Orthogonal and multiplexable genetic perturbations with an engineered prime editor and a diverse RNA array

Authors: YUAN, QICHEN - Rice University; ZENG, HONGZHI - Rice University; DANIEL, TYLER - Rice University; LIU, QINGZHOUO - Children'S Nutrition Research Center (CNRC); YANG, YONGJIE - Children'S Nutrition Research Center (CNRC); OSIKPA, EMMANUEL - Rice University; YANG, QIAOCHU - Rice University; PEDDI, ADVAITH - Rice University; ABRAMSON, LILIANA - Rice University; ZHANG, BOYANG - Rice University; XU, YONG - Children'S Nutrition Research Center (CNRC); GAO, XUE - Rice University

Submitted to: Nature Communications
Publication Type: Peer Reviewed Journal
Publication Acceptance Date: 11/27/2024
Publication Date: 12/30/2024
Citation: Yuan, Q., Zeng, H., Daniel, T.C., Liu, Q., Yang, Y., Osikpa, E.C., Yang, Q., Peddi, A., Abramson, L.M., Zhang, B., Xu, Y., Gao, X. 2024. Orthogonal and multiplexable genetic perturbations with an engineered prime editor and a diverse RNA array. Nature Communications. https://doi.org/10.1038/s41467-024-55134-9.
DOI: https://doi.org/10.1038/s41467-024-55134-9

Interpretive Summary: Programmable and modular systems that can make specific changes to genes and their expressions are important for biological research and treating genetic diseases in humans. We introduce a new tool called minimal versatile genetic perturbation technology (mvGPT), which allows for flexible and precise gene editing, activation, and suppression in human cells at the same time. The mvGPT combines a small, engineered gene editor (called a prime editor), an activator that helps turn on genes, and a special array that produces various types of RNA needed for different genetic changes. With mvGPT, we can accurately edit the human genome using the prime editor along with specific guide RNAs, activate genes by using a modified RNA that recruits the activator, and silence genes through RNA interference with short-hairpin RNA. We demonstrate the flexibility of mvGPT by correcting a specific mutation in the ATP7B gene, which is associated with Wilson's disease. We also show how it can increase the expression of the PDX1 gene to potentially help treat Type I diabetes and suppress the TTR gene to help manage a condition called transthyretin amyloidosis. Besides using plasmids to deliver the mvGPT, we explored various delivery methods, showing its potential for future use in living organisms.

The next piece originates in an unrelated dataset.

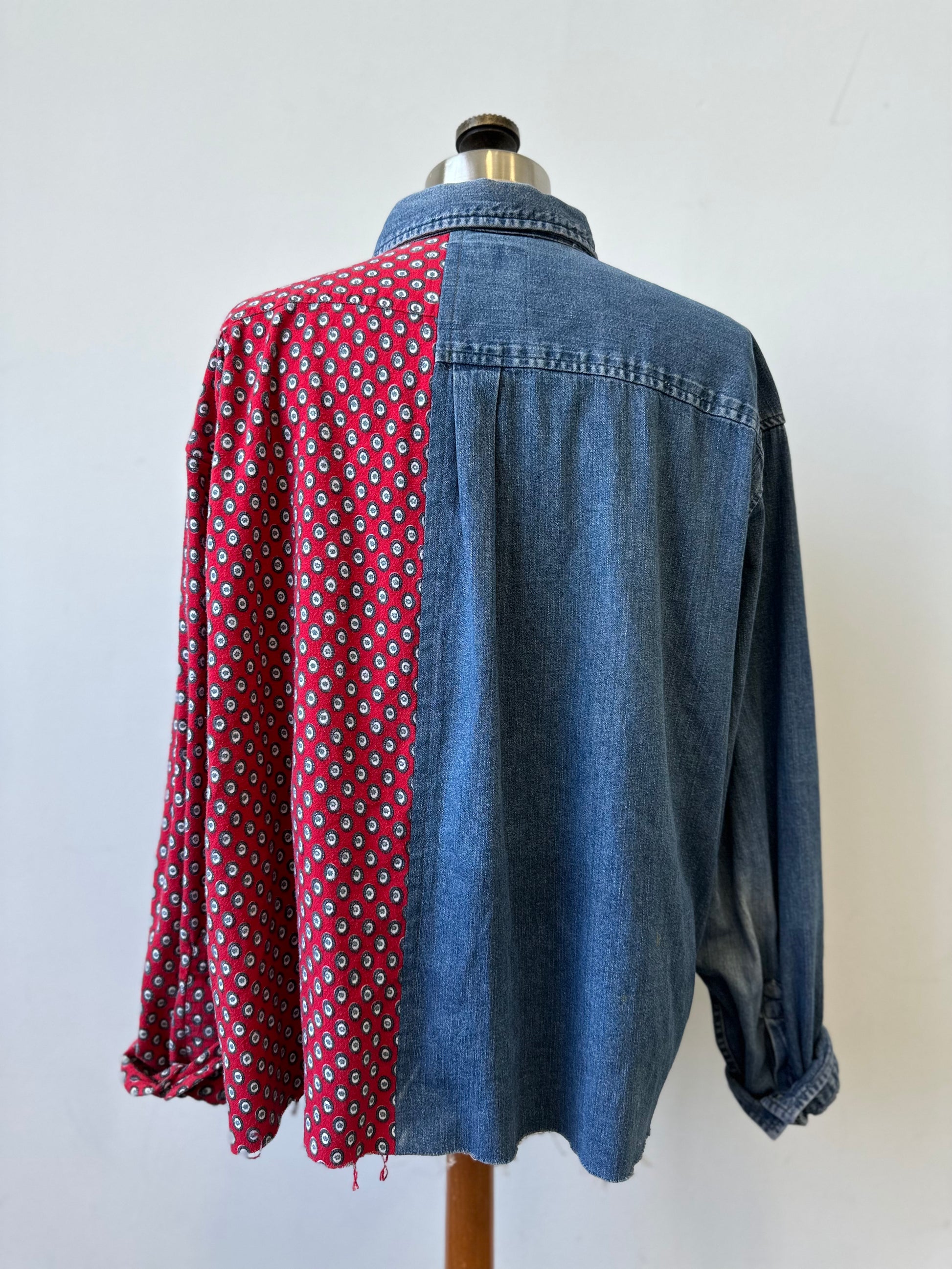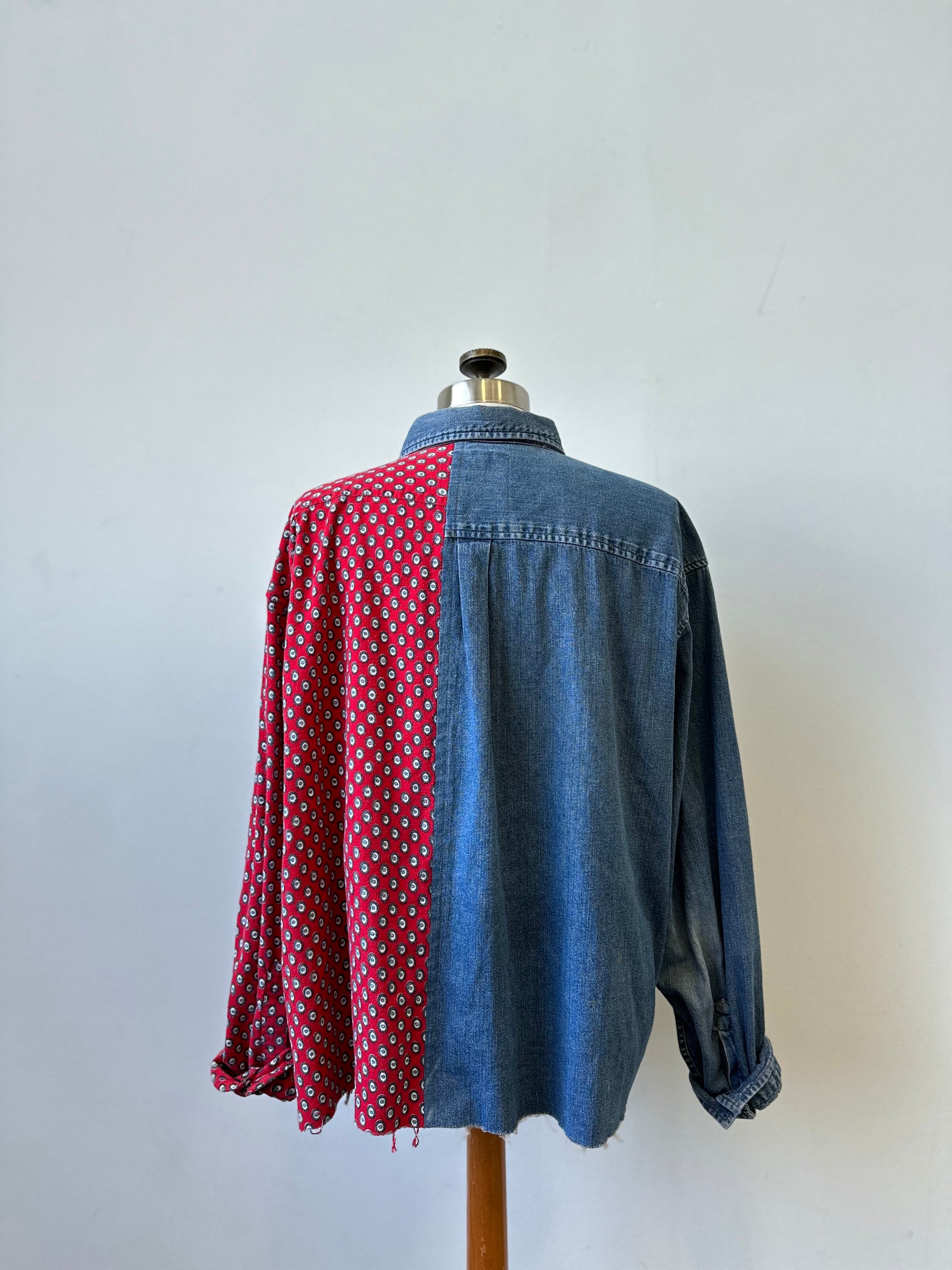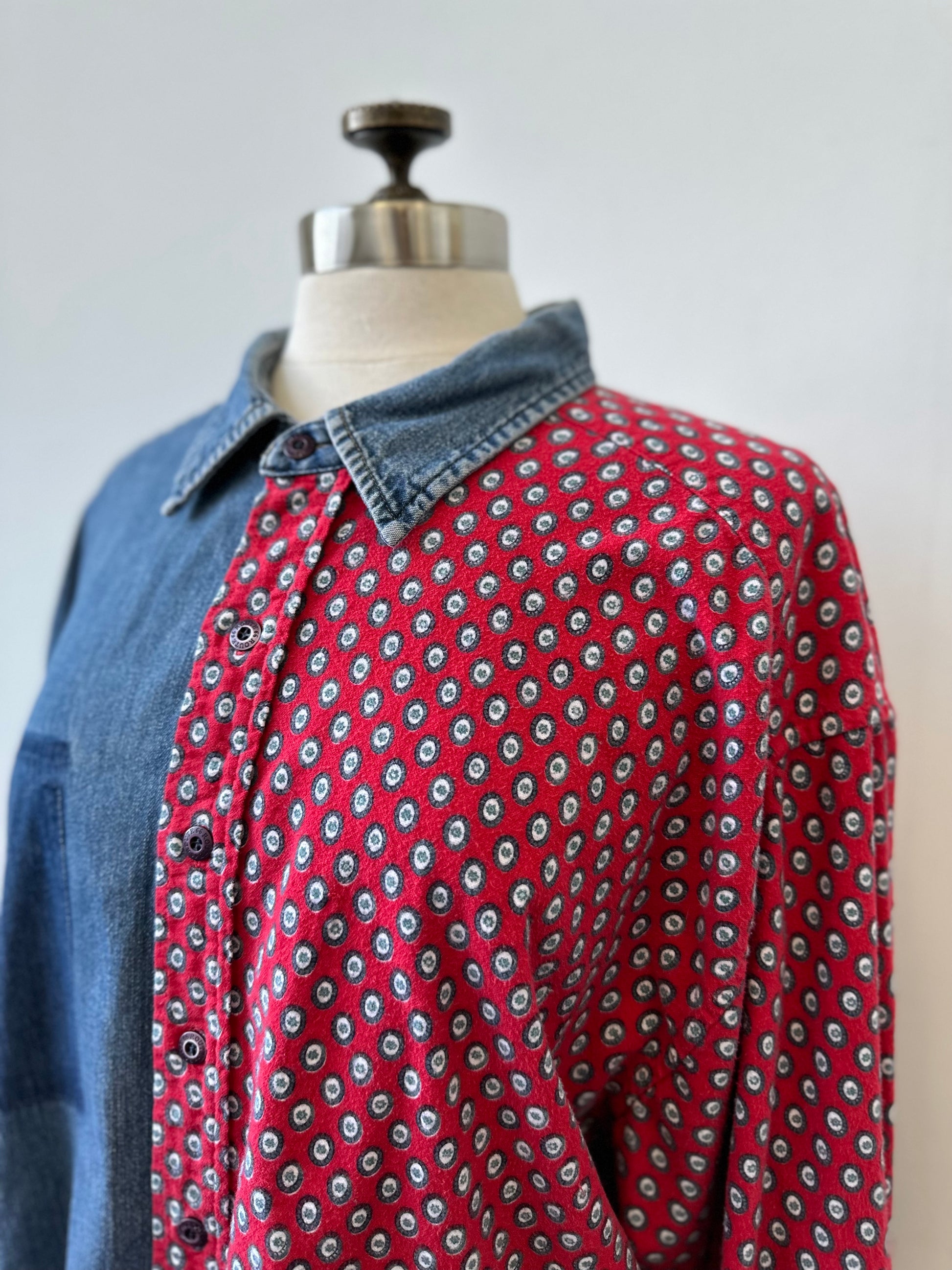 Stay looking sharp with this one-of-a-kind upcycled shirt! Combining two classic fabrics, denim and flannel, this 1/2 + 1/2 shirt will make you stand out with its denim and red pattern. Super soft and oversized, this will be your Saturday go to!

Technical Abstract: Programmable and modular systems capable of orthogonal genomic and transcriptomic perturbations are crucial for biological research and treating human genetic diseases. Here, we present the minimal versatile genetic perturbation technology (mvGPT), a flexible toolkit designed for simultaneous and orthogonal gene editing, activation, and repression in human cells. The mvGPT combines an engineered compact prime editor (PE), a fusion activator MS2-p65-HSF1 (MPH), and a drive-and-process multiplex array that produces RNAs tailored to different types of genetic perturbation. mvGPT can precisely edit human genome via PE coupled with a prime editing guide RNA and a nicking guide RNA, activate endogenous gene expression using PE with a truncated single guide RNA containing MPH-recruiting MS2 aptamers, and silence endogenous gene expression via RNA interference with a short-hairpin RNA. We showcase the versatility of mvGPT by simultaneously correcting a c.3207C>A mutation in the ATP7B gene linked to Wilson's disease, upregulating the PDX1 gene expression to potentially treat Type I diabetes, and suppressing the TTR gene to manage transthyretin amyloidosis. In addition to plasmid delivery, we successfully utilize various methods to deliver the mvGPT payload, demonstrating its potential for future in vivo applications.